To make the pastry, add the diced butter to the flour and process in a Food Processor or Blender until it resembles breadcrumbs – alternately, do this by hand. Add the sour cream and process until it forms into a ball. Cover with clingfilm and place in the fridge until needed.

Bring a pot of water to the boil, add the chicken stock and the chicken – on the bone but skin removed. Reduce heat to a bare simmer, cover with a lid and allow to poach for 30 – 40 minutes until the chicken is cooked and tender.

While this is cooking, add the butter to a frying pan on a high heat and fry the bacon, mushrooms and leeks  – until well cooked and starting to brown.

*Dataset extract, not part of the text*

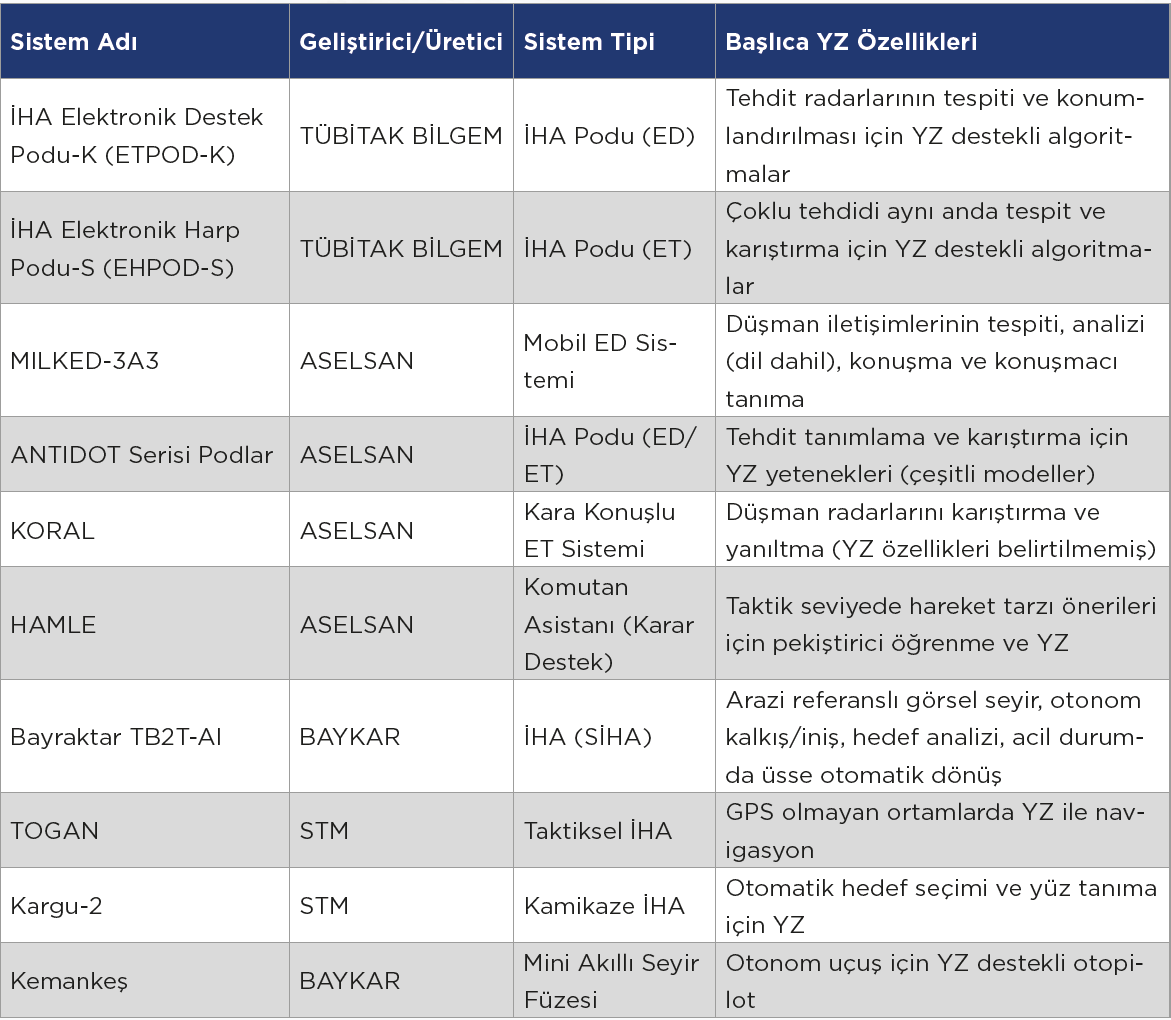 • “Tehdit Tanıma ve Sınıflandırma: YZ algoritmaları, geniş sinyal veri kümelerini analiz ederek tehditleri hızlı bir şekilde tanımlayabilir ve sınıflandırabilir. TÜBİTAK BİLGEM’in İHA EH podları, YZ destekli tespit ve teşhis algoritmalarını kullanarak tehdit oluşturan radarları belirleyebilmekte ve düşman EH düzenini ortaya çıkarabilmektedir. Benzer şekilde, genel olarak bilişsel ve YZ tabanlı EH sistemleri, tehditlerin tespiti ve analizi için kullanılmaktadır. ASELSAN’ın ANTIDOT 2-U/S podu da otomatik ve operatör kontrollü tehdit tanımlama özelliğine sahiptir.

To make the white sauce, melt the butter in a microwave safe bowl. When the butter has melted, add the flour to the bowl and whisk until a smooth paste is formed. Add a little milk if the paste is too thick. Continue adding the milk until the mixture is smooth with no lumps. Add the stock from the chicken poaching liquid and return to the microwave – microwave on high for two minute at a time, whisking in between, until the sauce is thick and bubbling. Add the cream, thyme and season to taste.

Remove the chicken from the bone and shred. Add to the white sauce, along with the bacon and mushroom mixture. Taste for final seasoning.

Preheat the oven to 180 degrees C. Remove the pastry from the fridge and roll until approximately 5mm thick. Cut to fit the base and sides of a 24cm pie or cake tin. Fill with the chicken mixture, and top with another disc of pastry. Pinch the edges closed with your fingers and cut off the excess.

Bake for 30 – 24 minutes, until the pastry is cooked and golden.